Literature DB >> 28171660

The human RHOX gene cluster: target genes and functional analysis of gene variants in infertile men.

Jennifer Borgmann1, Frank Tüttelmann2, Bernd Dworniczak2, Albrecht Röpke2, Hye-Won Song3, Sabine Kliesch1, Miles F Wilkinson3,4, Sandra Laurentino1, Jörg Gromoll1.   

Abstract

The X-linked reproductive homeobox (RHOX) gene cluster encodes transcription factors preferentially expressed in reproductive tissues. This gene cluster has important roles in male fertility based on phenotypic defects of Rhox-mutant mice and the finding that aberrant RHOX promoter methylation is strongly associated with abnormal human sperm parameters. However, little is known about the molecular mechanism of RHOX function in humans. Using gene expression profiling, we identified genes regulated by members of the human RHOX gene cluster. Some genes were uniquely regulated by RHOXF1 or RHOXF2/2B, while others were regulated by both of these transcription factors. Several of these regulated genes encode proteins involved in processes relevant to spermatogenesis; e.g. stress protection and cell survival.

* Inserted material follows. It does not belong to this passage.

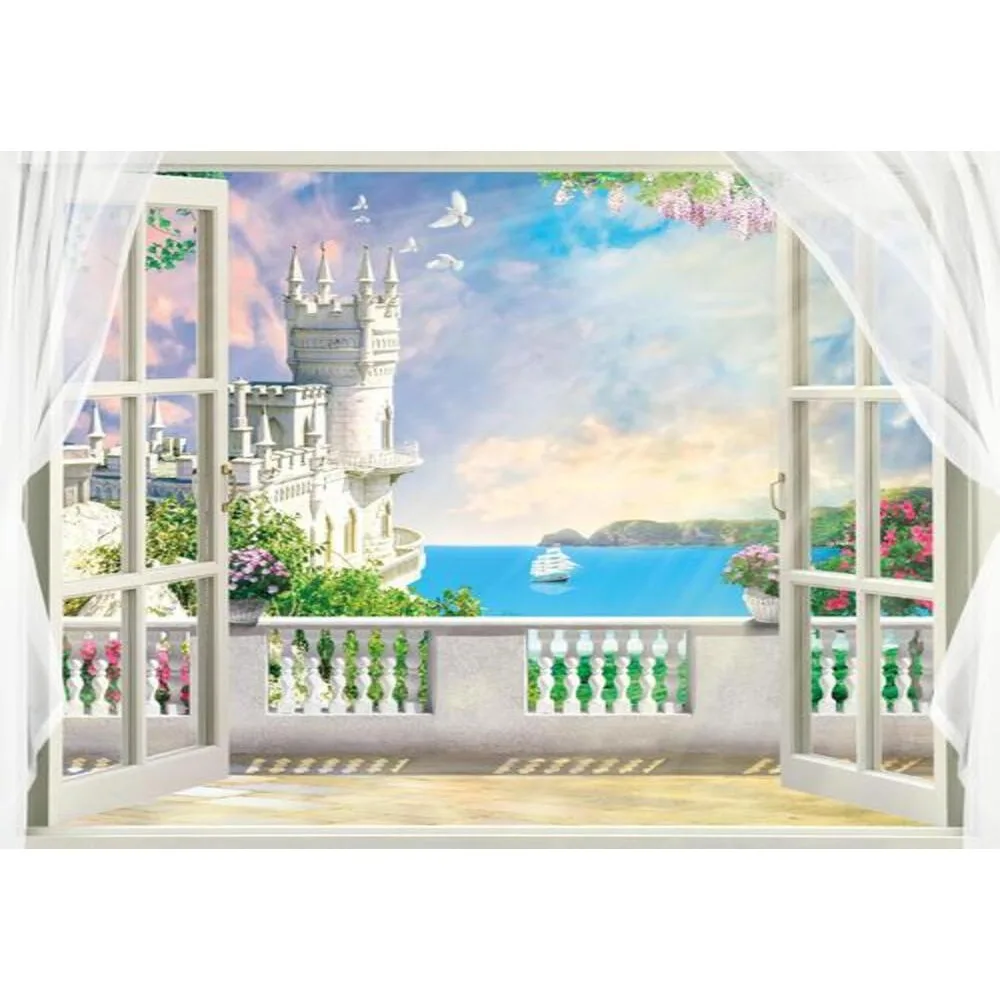 Allenjoy Летний Пляжный фон Тропическое море окно море дерево балкон остров Природный фон для вечерние съемки вечеринки

One of the target genes of RHOXF2/2B is RHOXF1, suggesting cross-regulation to enhance transcriptional responses. The potential role of RHOX in human infertility was addressed by sequencing all RHOX exons in a group of 250 patients with severe oligozoospermia. This revealed two mutations in RHOXF1 (c.515G > A and c.522C > T) and four in RHOXF2/2B (-73C > G, c.202G > A, c.411C > T and c.679G > A), of which only one (c.202G > A) was found in a control group of men with normal sperm concentration. Functional analysis demonstrated that c.202G > A and c.679G > A significantly impaired the ability of RHOXF2/2B to regulate downstream genes. Molecular modelling suggested that these mutations alter RHOXF2/F2B protein conformation. By combining clinical data with in vitro functional analysis, we demonstrate how the X-linked RHOX gene cluster may function in normal human spermatogenesis and we provide evidence that it is impaired in human male fertility.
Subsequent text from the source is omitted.